Kusin J A, Kardjati S, van Steenbergen W M, Renqvist U H
Department of Nutrition, Royal Tropical Institute, Amsterdam, The Netherlands.
Eur J Clin Nutr. 1991 Feb;45(2):77-84.
Weight and length of infants, born in two villages in Madura, East Java were measured longitudinally from birth to 12 months (n = 391). In a sub-sample (n = 76) the intake of breast milk and additional foods during 48 h were also measured. The shape of the weight curve of Madurese infants is comparable to that of healthy, exclusively breast-fed infants in the UK and US during the first 6 months of life, in spite of the custom to force-feed from as early as the first week. The use of a more 'appropriate' growth curve of exclusively breast-fed, healthy infants instead of the NCHS reference failed to define more accurately the age at which growth faltering starts. It is recommended to use weight increments as an indicator of the onset of growth faltering. Breast milk intake correlated significantly with attained weight. However, it explains only a small percentage of the variation in weight, viz. 12-24 per cent. There was no correlation between energy or protein intake from breast milk and additional foods and weight gain.

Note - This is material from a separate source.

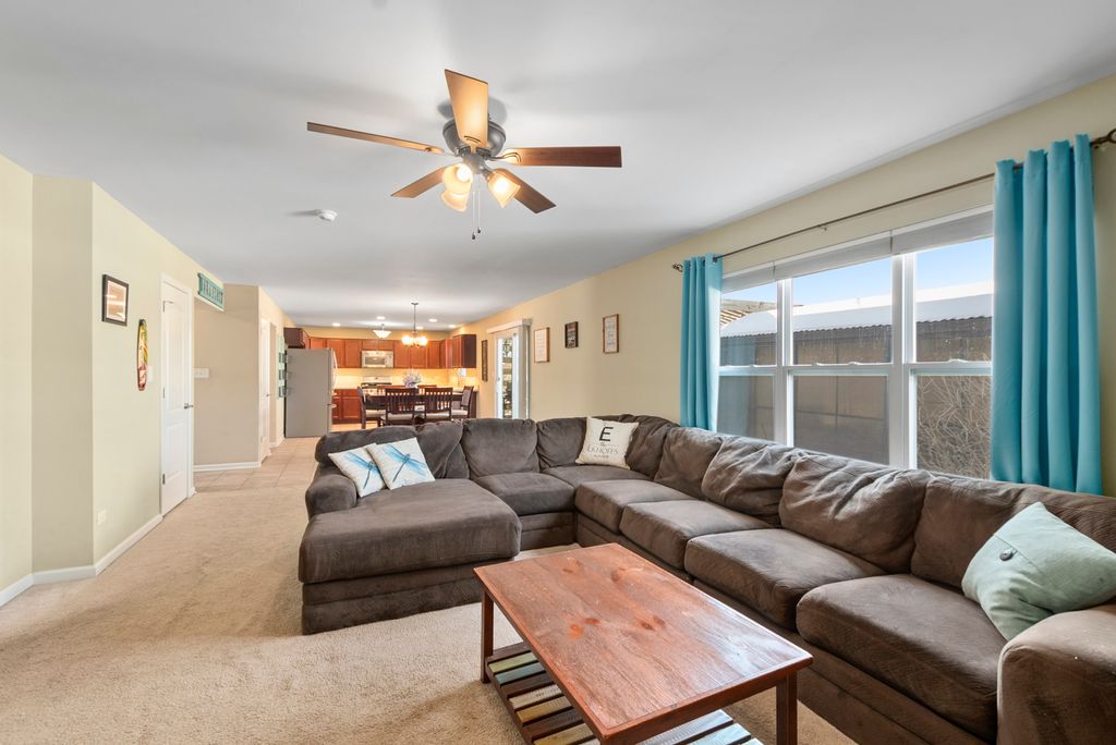 From the welcoming front porch, step into comfort, space, and easy everyday living in this impressive 4-bedroom, 2.5-bath two-story home, situated on a prime corner lot directly across from a neighborhood park. Only 10-years young and larger than any new-builds in the area, this 2600 SF home (plus full basement) offers a thoughtful layout designed for both gathering and relaxation. Inside, premium white trim and doors, and an abundant of windows, frame a bright open floor plan that seamlessly connects the expansive kitchen, eating area, and family room--the true heart of the home. The kitchen is perfect for the avid cook with generous workspace and light, and features beautiful birch cabinetry, stainless steel appliances, a full pantry, breakfast bar, and plenty of table space for family and friends. A separate dining room offers flexibility and can serve as a living room or formal entertaining space. The main floor also boasts a laundry/mudroom with built-in cubbies--a stylish and functional home feature for everyday entry. Upstairs, is the spacious primary suite with walk-in closet and private bath featuring a step-in shower and full linen closet. Three additional well-sized bedrooms, a large shared bath, and a quaint loft area provide space to grow and spread out on the second level. The full unfinished basement awaits renovation ideas and offers excellent storage and future expansion potential. For the garage enthusiast, this one is heated, equipped with a separate 60amp electric panel, has a sink for clean-up use, and ample storage for tools and equipment. Outdoors further sets this home apart from new construction, not just with a fully fenced, landscaped yard, but enhanced with a large deck, pergola and built-in seating around a natural gas fire table--a perfect setting and retreat for those summer nights. The yard also features a screened patio and 6-person hot tub (as-is) for year-round enjoyment. This is a great opportunity in desirable Prairie Park subdivision to move right in and enjoy modern amenities and conveniences of an existing well-appointed home.

对东爪哇省马都拉两个村庄出生的婴儿从出生到12个月进行了纵向体重和身长测量(n = 391)。在一个子样本(n = 76)中,还测量了48小时内的母乳和其他食物摄入量。尽管有从出生第一周就开始强制喂养的习俗,但马都拉婴儿的体重曲线形状在出生后的前6个月与英国和美国健康的纯母乳喂养婴儿相似。使用更“合适”的纯母乳喂养健康婴儿生长曲线而非美国国家卫生统计中心(NCHS)的参考曲线,未能更准确地确定生长发育迟缓开始的年龄。建议使用体重增长作为生长发育迟缓开始的指标。母乳摄入量与体重显著相关。然而,它仅解释了体重变化的一小部分,即12% - 24%。母乳和其他食物中的能量或蛋白质摄入量与体重增加之间没有相关性。